Now totally refurbished and dressed up as part of the civic program Alajuela 2010, the building has been restructured to meet modern building codes and to provide comfortable seating and elegant lobbies for theater patrons – 21st-century elegance with a 19th-century touch. A European-style café will soon enhance theater evenings.
During last week’s grand opening for an invitation-only audience, the theater’s lights went on for the first performance of “Tertulia de los Espantos” (“Gathering of Ghosts”), an original drama that brings together the legends and lore, much of it scary, of each of the provinces of Costa Rica. This gathering of the cart without oxen, the headless priest, El Cadejos (the man turned dog) and other spirits that haunt Tico lore makes up a multifaceted work tied together with narration and marionettes.

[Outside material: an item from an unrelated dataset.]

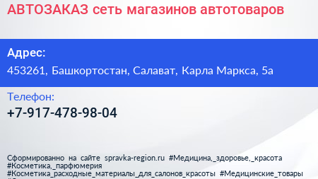 АВТОЗАКАЗ, сеть магазинов автотоваров по адресу 453261, Башкортостан, Салават, Карла Маркса, 5а в дальнейшем Организация, размещена в следующих категориях:
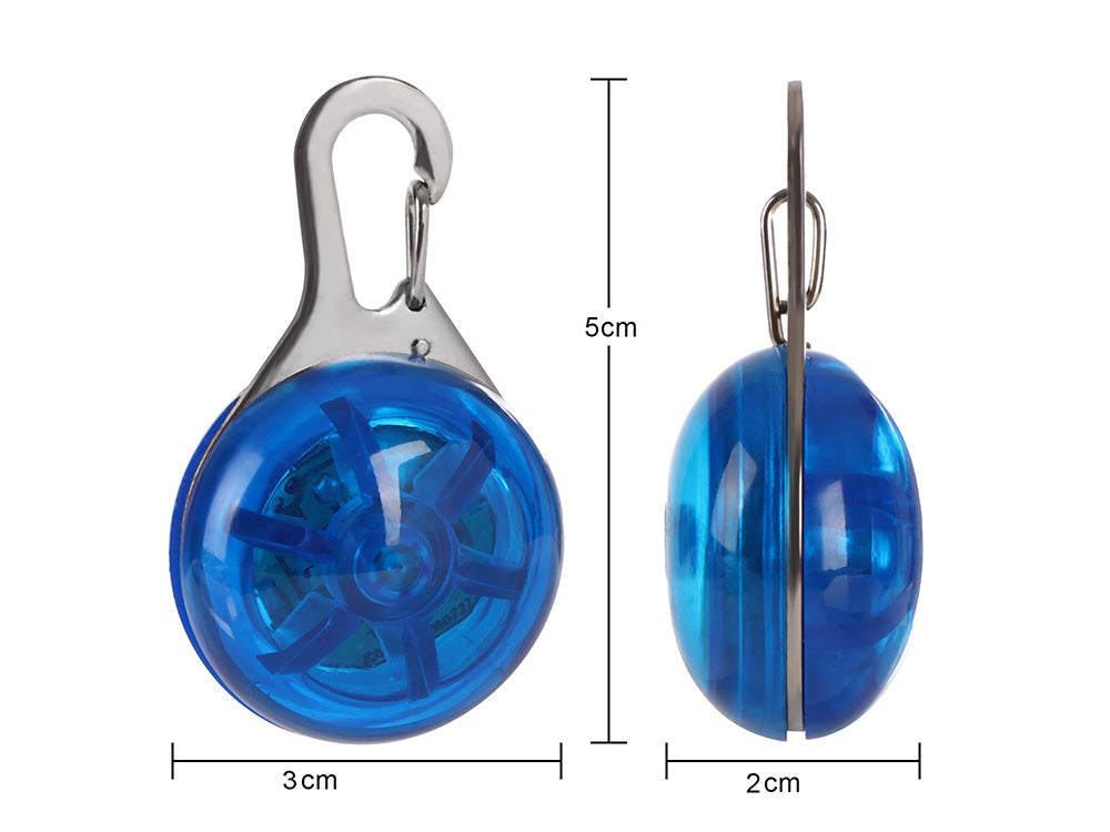 Gaismas LED piekaramā lampa suņu/kaķu kakla siksnai/kaklasiksnai - gaismas lampa, kas piestiprināta pie kakla siksnas, ir ideāls risinājums mūsu mājdzīvniekiem. Tā būs ideāli piemērota pastaigām ar suni vai kaķi pēc tumsas iestāšanās. To var ne tikai piestiprināt pie mājdzīvnieka kakla siksnas, bet arī uzstādīt, piemēram, pie mugursomas, ņemt līdzi dažādos ceļojumos vai piestiprināt pie velosipēda. Apgaismojums pasargās ne tikai jūsu mājdzīvnieku no negaidīta negadījuma, bet arī jūs. Kulons ir apaļš un tam ir metāla āķis, ko var piestiprināt pie mājdzīvnieka kakla siksnas vai pavadas. Kulons ir ļoti viegls un izturīgs pret laikapstākļiem, taču tas var tikt bojāts, kad jūsu mājdzīvnieks peld. Lampai ir tērauda klipsis, kas var izturēt milzīgu spēku, tāpēc lampa nesaplīsīs. To var arī lieliski piespraust pie atslēgām, ļaujot jums bez problēmām atvērt durvis pēc tumsas iestāšanās. Kulons ir aprīkots arī ar LED gaismu. Gaisma padarīs jūs redzamu vakara pastaigu laikā. Gaismu ir ļoti viegli lietot. Viss, kas jums jādara, ir nospiest pogu gaismas aizmugurē, un tā iedegsies ar pastāvīgu gaismu. Divreiz nospiežot, gaisma sāks pulsēt. Vēl viens klikšķis liks tai lēni mirgot. Tehniskās specifikācijas: - materiāls: plastmasa - augstas kvalitātes apstrāde - redzamība: - barošanas avots: - trīs gaismas režīmi: pulsējošs, lēni mirgojošs un nepārtraukts - viegls un laikapstākļiem izturīgs - LED gaisma - gaismu ir ļoti viegli lietot - ir metāla āķis - var izmantot kā kakla piekariņu, bet arī uz mugursomas, velosipēda utt. - viegli maināmas baterijas - krāsa: zila - CE sertificēts Izmēri: - garums: - platums: - augstums: Komplektā ietilpst: - LED gaisma

Featured are 29 actors from two drama groups, Teatro Carpe Diem, directed by Marcos Araya, and Grupo Sombrero Rojo, led by Rodolfo Oreamuno.
One of the stars on opening night, Jan. 30, was President Oscar Arias, who praised the city of Alajuela for its vision in recuperating not only the building but also the Costa Rican “culture and history formed by our ancestors,” adding that this may spur the recuperation of a dispersed and isolated society by encouraging people to come together in town centers to enjoy their culture.
Regular performances of “Tertulia” begin at 7:30 p.m. Friday to Sunday through next weekend. Admission is ¢2,000 ($3.80), ¢1,500 ($2.90) for students with school ID and ¢1,000 ($1.90) for older adults. Tickets are available at the ticket booth from 4 to 7 p.m. on performance days. Advance reservations may be made by calling 436-2362.
Matinee children’s programs and “Golden Wednesday” performances for senior citizens are scheduled for later in the season.
Future programs will feature local, national and international artists.